[Items from a dataset]
+++++
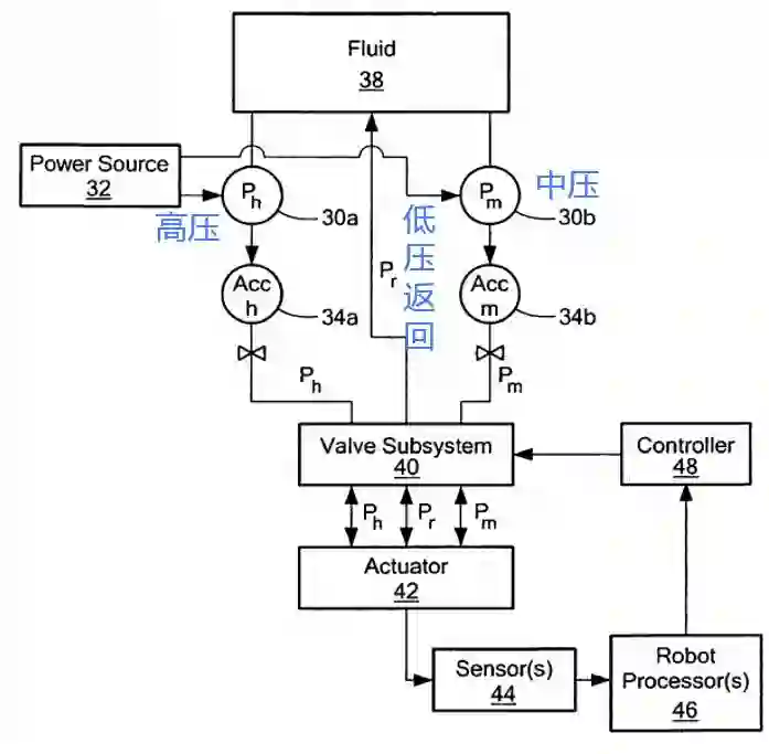在此基础上,波士顿动力在2011年5月18日提交的专利申请US20120291873A1中公开了一种具有高压油路,中压油路和低压返回油路的液压系统,如下图所示。
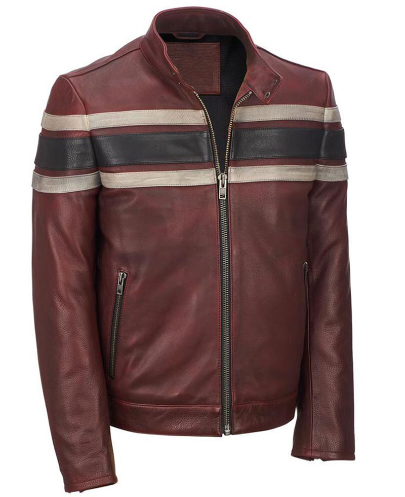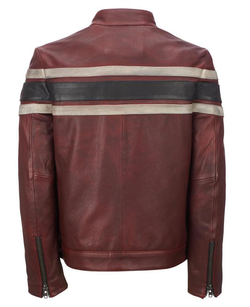 Men’s Retro Cafe Racer Striped Red Waxed Leather Jacket
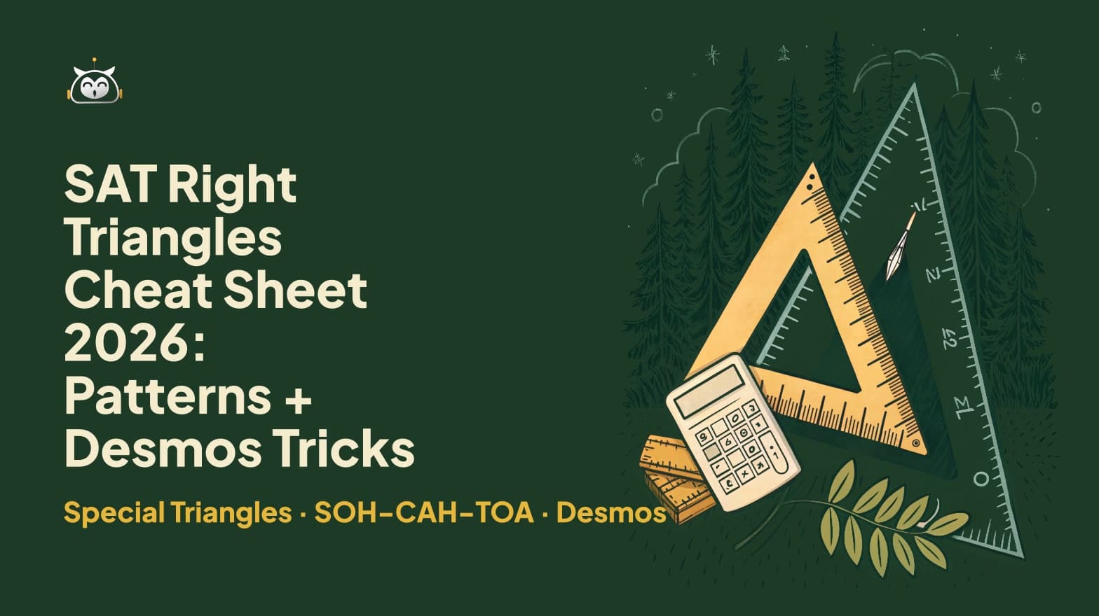 The good news: once you lock in the Pythagorean theorem, the three special triangle ratios, and a handful of trig rules, you'll recognize every right-triangle question on sight — and Desmos can handle the heavy arithmetic in seconds. This guide breaks down the 7 core techniques you need, with real worked examples drawn straight from the SAT question bank, so you know exactly what to expect on test day.
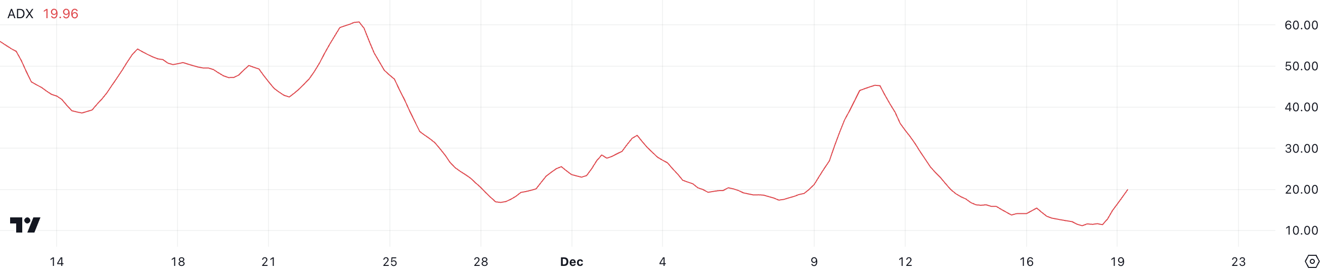 ADX(平均方向性指数)はトレンドの強さを測定するが、その方向を示さない。25以上の値は強いトレンドを示し、20未満の値は弱いまたはトレンドのない市場を示す。
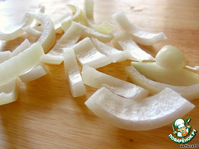 В это время поставить на огонь воду для макарон. Почистить половину луковицы и нарезать полукольцами. Я нарезала крупно, так как потом ее уберу. Обжарить до мягкости.
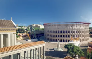 O modelo virtual da Roma Antiga permite que os espectadores sobrevoem o Coliseu, o Panteão, termas e casas de banho
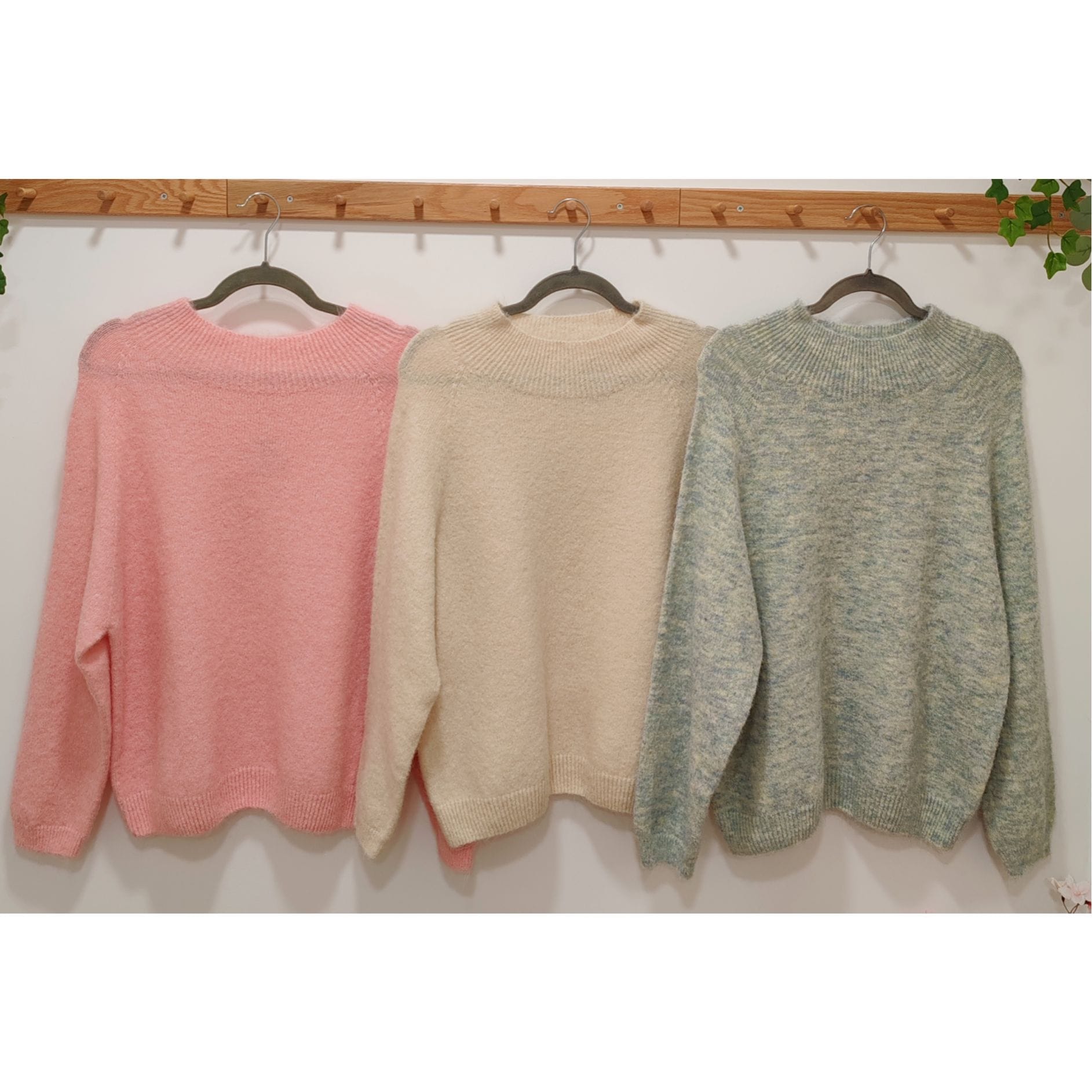 Jersey de punto muy suave y cómodo, perfecto para el día a día en temporada de frío. Tiene un diseño sencillo y versátil con cuello redondo ligeramente alto y manga larga, ideal para combinar con jeans, pantalones o faldas. Su tejido es agradable al tacto y aporta calidez sin resultar pesado.
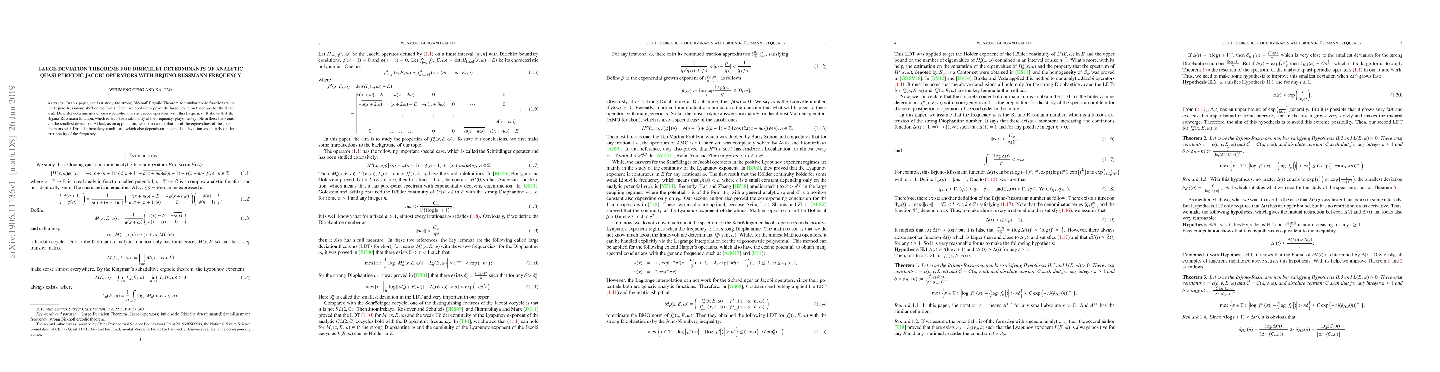 In this paper, we first study the strong Birkhoff Ergodic Theorem for subharmonic functions with the Brjuno-R\"ussmann shift on the Torus. Then, we apply it to prove the large deviation theorems for the finite scale Dirichlet determinants of quasi-periodic analytic Jacobi operators with this frequency. It shows that the Brjuno-R\"ussmann function, which reflects the irrationality of the frequency, plays the key role in these theorems via the smallest deviation. At last, as an application, we obtain a distribution of the eigenvalues of the Jacobi operators with Dirichlet boundary conditions, which also depends on the smallest deviation, essentially on the irrationality of the frequency.
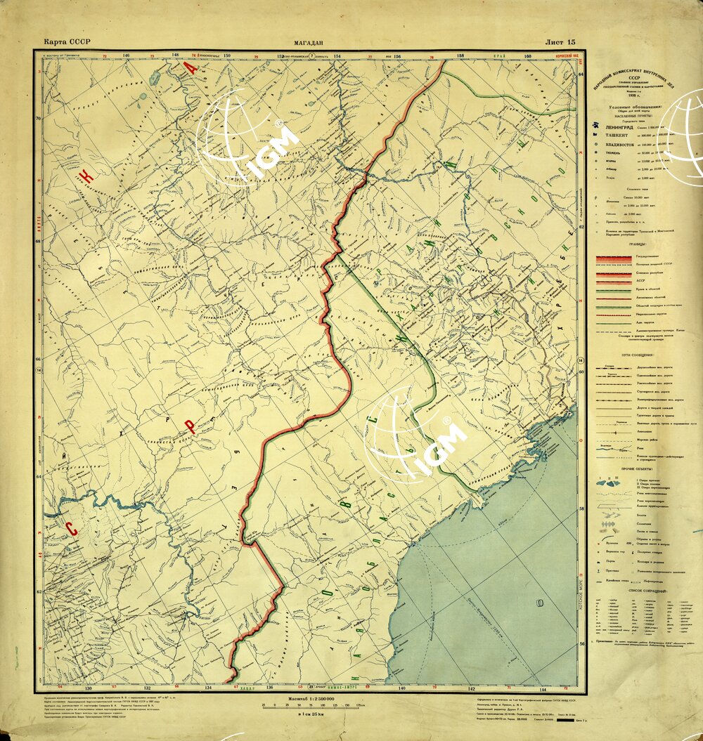 Copie originali Russe con toponomastica e diciture marginali in caratteri cirillici.
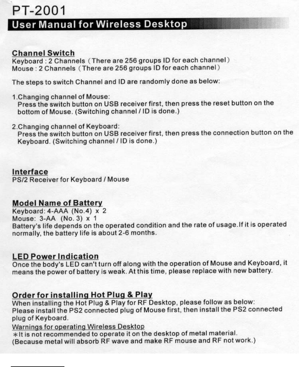 Paten Wireless Technology PD-0020201 Wireless Mouse User Manual Manual
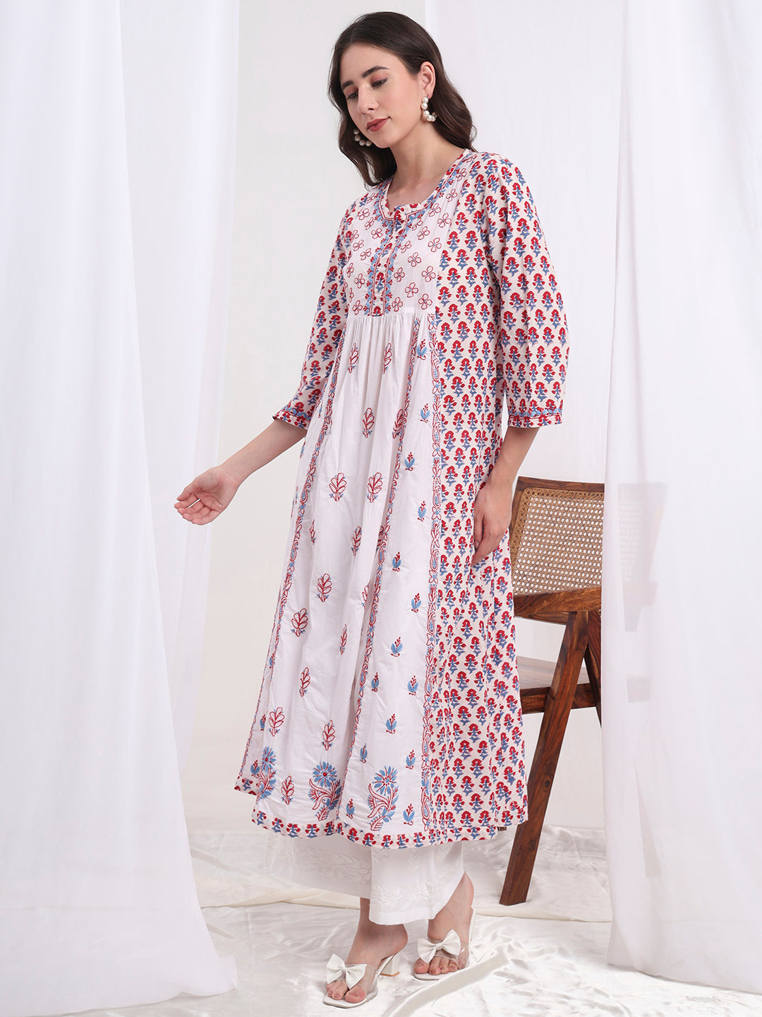 "Sufiza" white and Hand Block Print Chikankari Embroidery Kurta |
+++++
:: Task objective ::
Drop the pictures and reproduce the rest of the data above exactly.

:: Output ::
在此基础上,波士顿动力在2011年5月18日提交的专利申请US20120291873A1中公开了一种具有高压油路,中压油路和低压返回油路的液压系统,如下图所示。
 Men’s Retro Cafe Racer Striped Red Waxed Leather Jacket
 The good news: once you lock in the Pythagorean theorem, the three special triangle ratios, and a handful of trig rules, you'll recognize every right-triangle question on sight — and Desmos can handle the heavy arithmetic in seconds. This guide breaks down the 7 core techniques you need, with real worked examples drawn straight from the SAT question bank, so you know exactly what to expect on test day.
 ADX(平均方向性指数)はトレンドの強さを測定するが、その方向を示さない。25以上の値は強いトレンドを示し、20未満の値は弱いまたはトレンドのない市場を示す。
 В это время поставить на огонь воду для макарон. Почистить половину луковицы и нарезать полукольцами. Я нарезала крупно, так как потом ее уберу. Обжарить до мягкости.
 O modelo virtual da Roma Antiga permite que os espectadores sobrevoem o Coliseu, o Panteão, termas e casas de banho
 Jersey de punto muy suave y cómodo, perfecto para el día a día en temporada de frío. Tiene un diseño sencillo y versátil con cuello redondo ligeramente alto y manga larga, ideal para combinar con jeans, pantalones o faldas. Su tejido es agradable al tacto y aporta calidez sin resultar pesado.
 In this paper, we first study the strong Birkhoff Ergodic Theorem for subharmonic functions with the Brjuno-R\"ussmann shift on the Torus. Then, we apply it to prove the large deviation theorems for the finite scale Dirichlet determinants of quasi-periodic analytic Jacobi operators with this frequency. It shows that the Brjuno-R\"ussmann function, which reflects the irrationality of the frequency, plays the key role in these theorems via the smallest deviation. At last, as an application, we obtain a distribution of the eigenvalues of the Jacobi operators with Dirichlet boundary conditions, which also depends on the smallest deviation, essentially on the irrationality of the frequency.
 Copie originali Russe con toponomastica e diciture marginali in caratteri cirillici.
 Paten Wireless Technology PD-0020201 Wireless Mouse User Manual Manual
 "Sufiza" white and Hand Block Print Chikankari Embroidery Kurta |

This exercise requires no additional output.